Now that you’ve built the classes, let’s look at the surface area and volume of a cube with a side length of 3:

>>>
>>> cube = Cube(3)
>>> cube.surface_area()
54
>>> cube.volume()
27

Caution: Note that in our example above, super() alone won’t make the method calls for you: you have to call the method on the proxy object itself.

Here you have implemented two methods for the Cube class: .surface_area() and .volume(). Both of these calculations rely on calculating the area of a single face, so rather than reimplementing the area calculation, you use super() to extend the area calculation.

Also notice that the Cube class definition does not have an .__init__(). Because Cube inherits from Square and .__init__() doesn’t really do anything differently for Cube than it already does for Square, you can skip defining it, and the .__init__() of the superclass (Square) will be called automatically.

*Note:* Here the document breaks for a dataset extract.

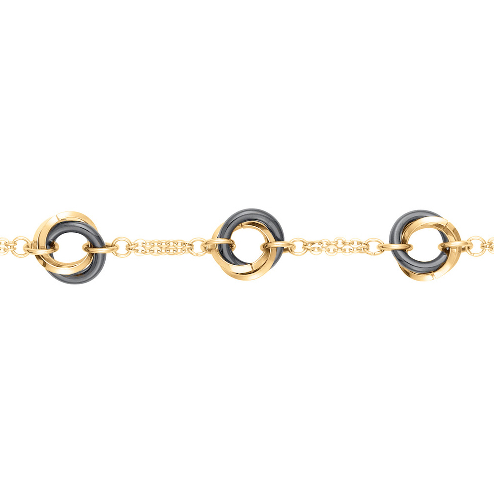 Bracelet Fashion Steel Acier Doré et 3 Motifs Ronds Céramique Noire

super() returns a delegate object to a parent class, so you call the method you want directly on it: super().area().

Not only does this save us from having to rewrite the area calculations, but it also allows us to change the internal .area() logic in a single location. This is especially in handy when you have a number of subclasses inheriting from one superclass.

A super() Deep Dive

Before heading into multiple inheritance, let’s take a quick detour into the mechanics of super().

While the examples above (and below) call super() without any parameters, super() can also take two parameters: the first is the subclass, and the second parameter is an object that is an instance of that subclass.

First, let’s see two examples showing what manipulating the first variable can do, using the classes already shown:

class Rectangle:
    def __init__(self, length, width):
        self.length = length
        self.width = width

    def area(self):
        return self.length * self.width

    def perimeter(self):
        return 2 * self.length + 2 * self.width

class Square(Rectangle):
    def __init__(self, length):
        super(Square, self).__init__(self, length, length)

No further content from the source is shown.